Save the Sharp Farm of Pocahontas County
History and heritage in Slatyfork, West Virginia.
News

Karst Floodplain Site for Sewage Treatment Plant?

Wednesday September 13, 2006
Karst Environmental Education and Protection

By Roger Brucker

Pocahontas County, WV County Commissioners want to bring JOBS! DEVELOPMENT! PROGRESS! to their community in an impoverished section of West Virginia, near some of that state's significant caves. They already have a big ski resort on top of a mountain, but the season only lasts so long. For economic survival many lots have been sold off for second homes. A developer wants to add still more homes. However, there's a little problem.

Sewage from the resort and homes overwhelms the inadequate sewage treatment plant. Heavy fines have been levied. Wastewater dribbles and trickles down the mountain and efforts to conceal the problem have come to nose. "We need a big new sewage plant at taxpayer expense!" said the developers to the commissioners.

A new $11,000,000 plant has been proposed to be located on a nice level field in the narrow valley at the foot of the mountain. The site is the Sharp Farm, a 150-year old historic farm, location of a bed and breakfast and a general store. Tom Shipley said the farm's prehistoric occupants left behind chipped stone artifacts, and that Gen. Robert E. Lee's southern forces camped there early in the Civil War. Tom is a descendant of the Sharp family. The sewage treatment plant is to be located on the only flat area between two streambeds.

"It's above the floodplain": Corps of Engineers

The Army Corps of Engineers declared the land to be above the 100-year floodplain. They never inspected it, but simply drew a line along a contour 40 feet up. An engineering firm designed the proposed plant but never investigated the site. Had they done so they would have found three things:

  1. The field floods regularly, and Tom's photos show the wide torrent boiling over the road and bridges.
  2. The field is a karst floodplain and Tom's photos show various sizes of collapsed sinkhole basins.
  3. During heavy rains water boils up through some of the sinkholes and overflows the field.

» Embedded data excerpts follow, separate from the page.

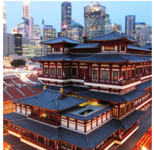
Singapur Reise - Chinatown in Singapur

Bei Ihrer Landung am Flughafen von Singapur werden Sie bereits erwartet und zu Ihrem Hotel gefahren. In der Weltmetropole vor der Küste Malaysias, die durch ihren rasanten wirtschaftlichen Aufschwung internationale Berühmtheit erlangte, vereinen sich westliche und östliche Einflüsse zu einem einzigartig modernen Stadtbild, das mit seiner futuristischen Architektur dazu einlädt, entdeckt zu werden.
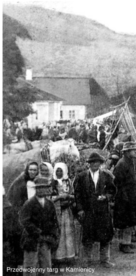
Przedwojenny targ w Kamienicy

Przed 01 września 1939 roku w powiecie limanowskim żyło około 2700 Żydów. Nie wiadomo dokładnie, ile osób pocho-
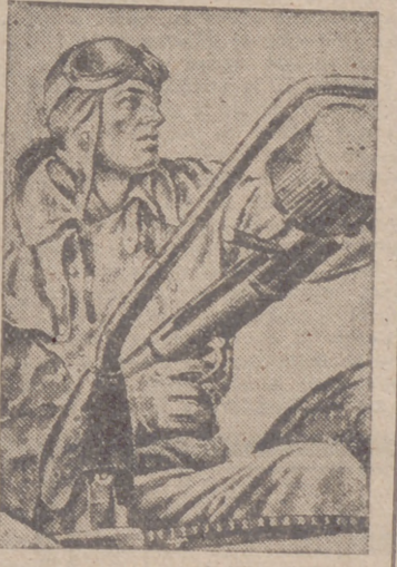
to una resistencia feroz y han rechazado las tentativas de cerco realizadas por formaciones considerables de infantería y de tanques, infligiendo al enemigo enormes pérdidas en hombres y en material. Nuestras pérdidas son también sensibles.

En Túnez, el enemigo ha continuado su ataque encarnizado con una superioridad aplastante. Demostrando un perfecto espíritu combativo, las tropas alemanas e italianas han opues-
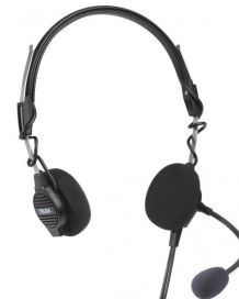
(c) un type d'équipement de tête
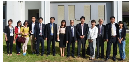
〈ベトナム ハイフオン市使節団来校〉

また、平成24年から明治大学・立教大学と共同でスタートした「国際協力人材育成プログラム」では、ミャンマー人専任教員によるミャンマーへのフィールド・トリップを含んだ科目「アクティブ・リサーチ」を提供しており、海外への日本人学生の送り出しプログラムを展開している。
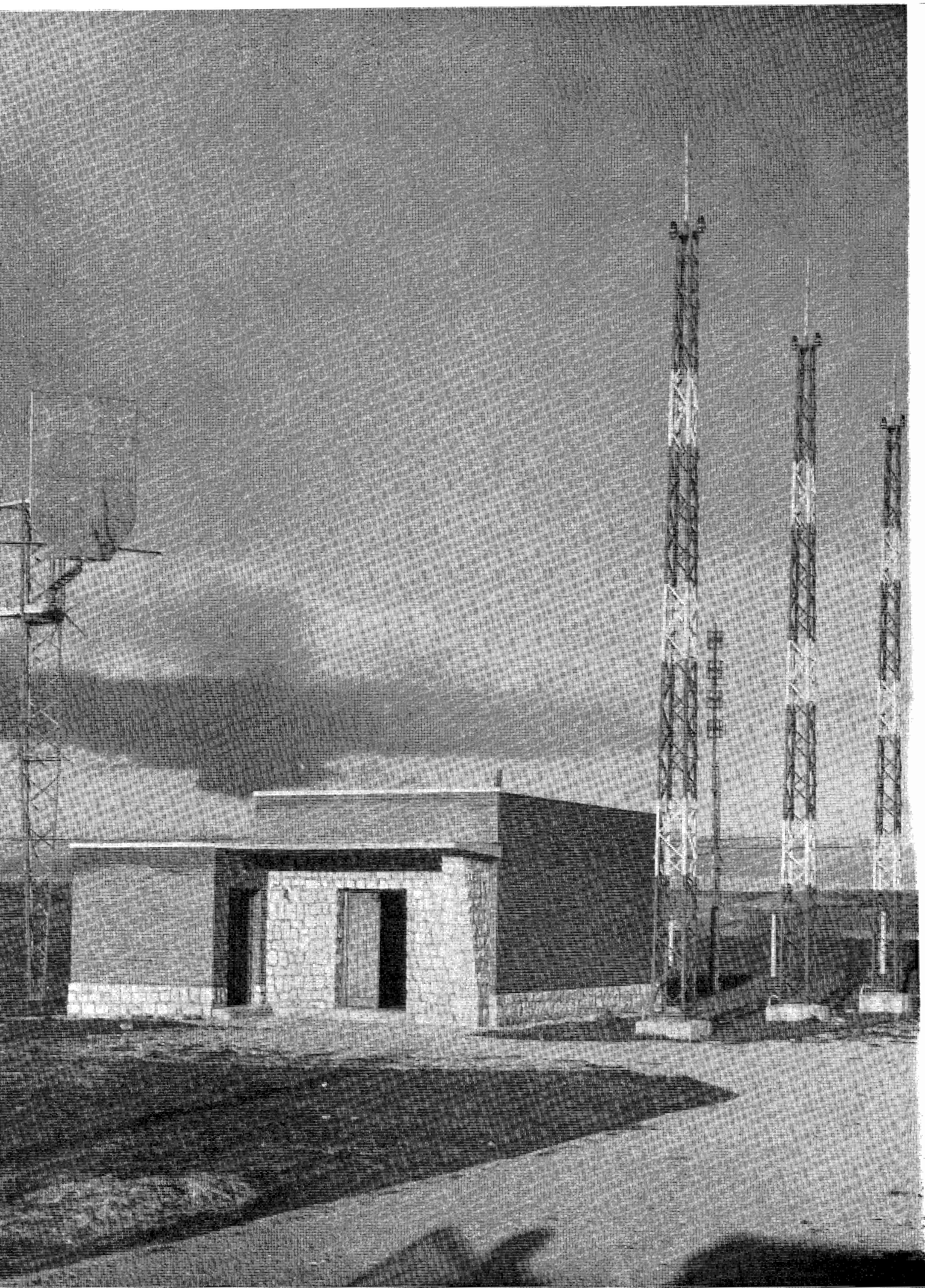
Centro de recepción de V. H. F. y U. H. F. con reflector para enlace hertziano.
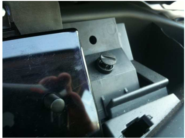
Faites \frac{1}{4} de tour afin de déverrouiller les clips

To prevent condemnation by eminent domain, Tom and others argued unsuccessfully that the site is not suitable. The judge is reported to have said "It looks like a good place to me." Plea denied. Case closed.

According to George Deike, III, a geologist living nearby who cut his doctoral teeth on the Mammoth Cave area karst, one of the streambeds is dry much of the year because the water is diverted underground. The underground river capacity is limited, so floods overwhelm it. Dye trace evidence shows that the underground drainage goes into two important trout streams. Any elevation of stream temperature due to effluent is likely to cause a trout die off in the finest set of trout streams in the east.

"The irony is that a couple of miles down the valley they could have sited the treatment plant on sandstone on a state-owned property," said Deike. He believes that greed and politics are the drivers of the project to locate the sewage plant on Tom Shipley's karst floodplain. "Competent planners would not do that; there's no right way to do the wrong thing."

What KarstEEP Has Done

We equipped Tom Shipley with a PowerPoint presentation to dramatize the $11 million mistake. It will use Tom's dramatic photos to show the flooding, sinkholes, and upward "boil holes". We sent him plans for a live demo. It will show, using masonite pegboard, how a model plant cannot be built safely on a karst floodplain. The water washing over it will damage it, and water coming up from below will defeat any levy. In the meantime, other cavers are moving into the fight that is pitting the County Commissioners and developers vs. taxpayers who have already defeated the reelection bid of one of the commissioners who voted to build on Sharp Farm.

Spokesman Brucker said: "I believe education is essential in this complicated case. We want to equip Tom and his friends to bring a better understanding of the economic, social, and environmental risk of building a plant that is certain to collapse, flood, and contaminate." Reminded of the criticism when he broke a plate to demonstrate karst collapse potential at a public meeting in Kentucky, Brucker said, "Remember Dishman Lane, a $1 million example of poor karst planning."